Я вылез из машины. И сделал пару шагов в сторону церкви. Святоша… Я под статьей, можно сказать, а он — спрятался! И творит на радость бабкам чудеса. В этой глухомани… Однако перестарался Пичугин со своей популярностью. Сидел бы тихо, не раздувал кадило… Кто б о нем узнал? Да в жизни бы не пришло мне в голову ехать сюда по размытым дорогам, лесным колдобинам, через скособоченные деревеньки, да еще в соседнюю область.
Перестарался ты, Василий Пичугин, он же отец Никодим! Неужели не понимаешь?

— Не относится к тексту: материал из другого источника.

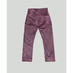 Unleash your inner fitness diva with the Lululemon Wunder Under Crop Shifted Horizon Red Grape Black Leggings in size 6. These cropped leggings offer a flattering fit, perfect for your workout or casual wear.

— Ну что опять? — спросила Мария. Она сидела с сыном на заднем сиденье. — Пойдешь разбираться? Да тебя прихожане за ноги на колокол повесят! Вместо языка. Поехали. Сколько можно?
— Ладно, — сказал я не столько Марии, сколько себе. — Разберемся. Потом как-нибудь.
Но разбираться все же пришлось. Едва я подошел и взялся за ручку двери, как меня тронула за рукав какая-то бабулька вся в черном.
— Вы Павел Сергеевич? — Ее круглое сморщенное личико было приветливо и улыбчиво.
— Я… Откуда вы знаете?
— Меня батюшка за вами послал. Он будет отдыхать и желает с вами переговорить.
Я переглянулся с Марией, посмотрел на родителей. Те смотрели, боясь оторваться, на внука. Все остальное их не касалось.
— Иди, что встал, — сказала жена. — Значит, и правда он.
Я пошел вслед за бабулькой, еще не зная, как мне быть. Разоблачать или не разоблачать. Или просто потолковать, обменявшись воспоминаниями. Обычно так проходят мои случайные встречи с бывшими товарищами по работе. Какая-то тоска охватывает. Не знаем, как друг от друга отделаться, без конца оглядываемся, смотрим на часы, роняя ритуальные фразы: «Ну как ты вообще? Кого-нибудь видел? Ну ты хоть не пропадай, звони…» И, не скрывая облегчения, разбегаемся. Он помнит, как я его обыграл в карты, я помню, как он спер у меня коврик… А только это и запоминается.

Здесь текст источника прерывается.